There were 148 households, out of which 25.7% had children under the age of 18 living with them, 56.1% were married couples living together, 10.1% had a female householder with no husband present, and 27.0% were non-families. 23.0% of all households were made up of individuals, and 8.8% had someone living alone who was 65 years of age or older. The average household size was 2.51 and the average family size was 2.97.

In the town, the population was spread out, with 25.6% under the age of 18, 6.5% from 18 to 24, 23.5% from 25 to 44, 29.9% from 45 to 64, and 14.6% who were 65 years of age or older. The median age was 40 years. For every 100 females, there were 86.4 males. For every 100 females age 18 and over, there were 90.3 males.
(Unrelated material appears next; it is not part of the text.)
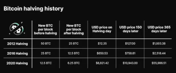 La siguiente tabla elaborada por Bitpanda muestra cómo ha evolucionado BTC después de cada halving:
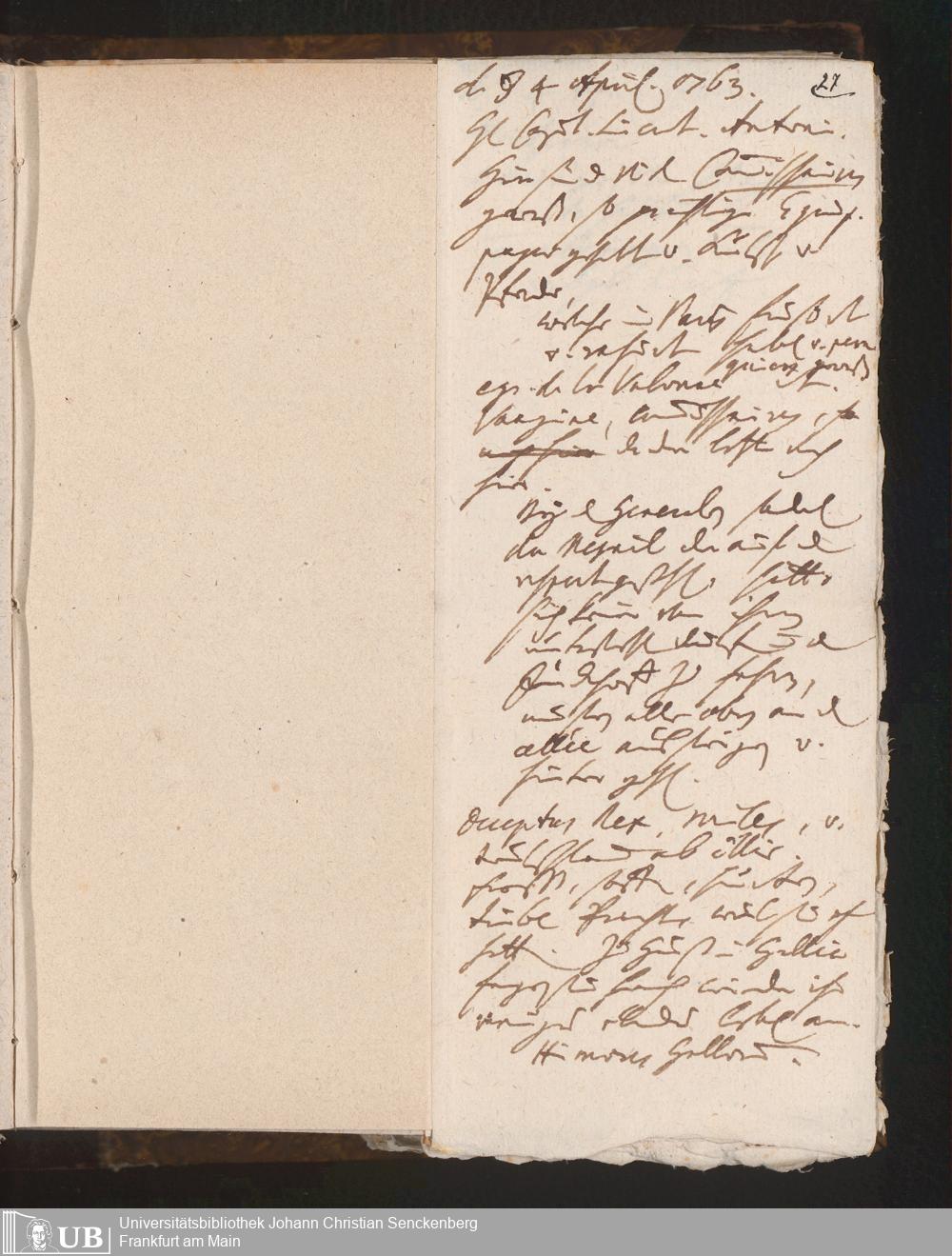 45 (1763) [Nichtärztliches Tagebuch: April - Dezember 1763]

The median income for a household in the town was $26,250, and the median income for a family was $28,333. Males had a median income of $22,125 versus $16,354 for females. The per capita income for the town was $12,459. About 15.5% of families and 24.0% of the population were below the poverty line, including 27.5% of those under age 18 and 36.0% of those age 65 or over.

==Education==
It is in the Bowlegs Public Schools school district.